What about the companies you work with? Have you priced the impacts to your supply chain? How would changes to them affect your business? Could you afford to carry on working with your suppliers if carbon cost $50 a tonne? What if it cost $300 or more, as a 2017 briefing for the Canadian government claimed would be necessary by 2050. What if the hidden social costs were included along with the economic, and a tonne of carbon cost $417, as measured in a 2018 study for Nature Climate Change?
Q3: How much of your future planning (time / budget) do you intend to spend on addressing the risks to your business from climate change?
Last week Reuters reported a speech by European Commission President Jean-Claude Juncker, in which he announced that: “In the next financial period from 2021 to 2027, every fourth euro spent within the EU budget will go towards action to mitigate climate change.” According to Reuters, the figure represents 1 trillion euros ($1.13 trillion) over seven years. It seems a huge amount, except that the EU budget is typically 1 percent of the bloc’s economic output.
When was your last meeting dedicated to discussing climate risks? When is your next one? Considering the various risks to tourism’s ability to do business in the years to come, what amount of time and resources should you allocate towards protecting your company’s future from the impacts of climate change?

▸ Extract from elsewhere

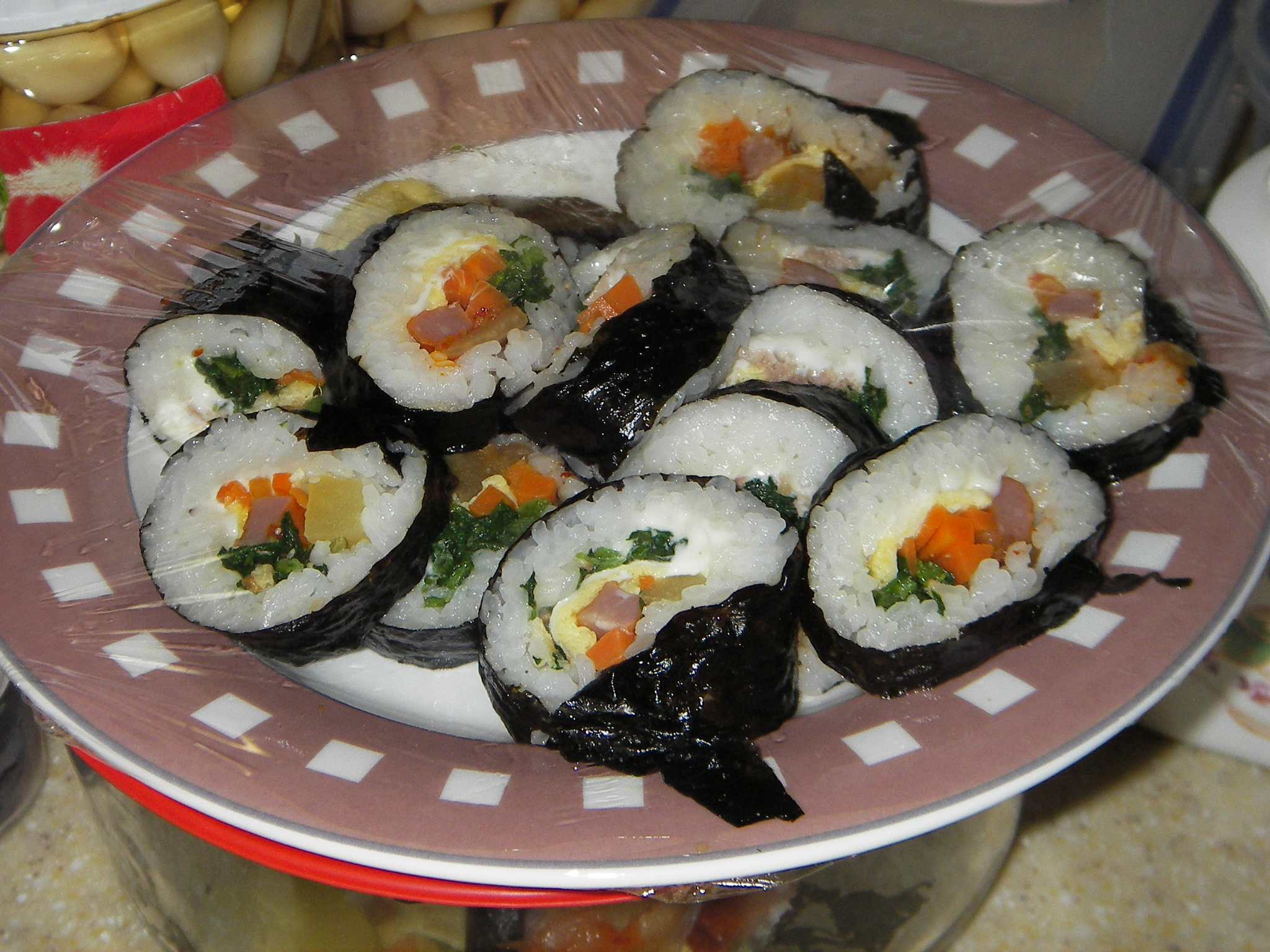 Gimbap. "Delicious sushi-resembling Korean food. One of its delicious ingredients: SPAM".

Q4: Considering all the above risks and costs, when is the best time to start a programme of dramatically decarbonising your business?
When Junker made his announcement about the EU budget, he was sharing the platform with the remarkable 16-year old climate activist Greta Thunberg, who started a solitary climate strike last August, and has missed school every Friday since. In the ensuing months she has been joined each week around the world by thousands of other children. Interviewed for the Financial Times last weekend, Greta was clear on the urgency of the situation. “’People say, “Oh the children are going to save us”. But no, we aren’t…” she told the paper. “We don’t have time to wait for us to grow up and fix this in the future. The people who are in power now need to do this now.’
She’s right. According to the CICERO Centre for International Climate Research, we need to drastically decarbonise the absolute carbon impact of our businesses and economies now. Simply continuing to grow, but doing it relatively more efficiently, won’t work. You can grow if you want, but your absolute (total) impact has to become much less than it is today.
How much less? If we start now, says CICERO, then we will need to reduce our impacts at 5% a year. But if we wait another 10 years, it will be 9% each year. Had we started in 2000, on the other hand, it would have been just 2% a year.
In other words, the longer we put off asking these questions, the more expensive the answers are going to become. If not now, when?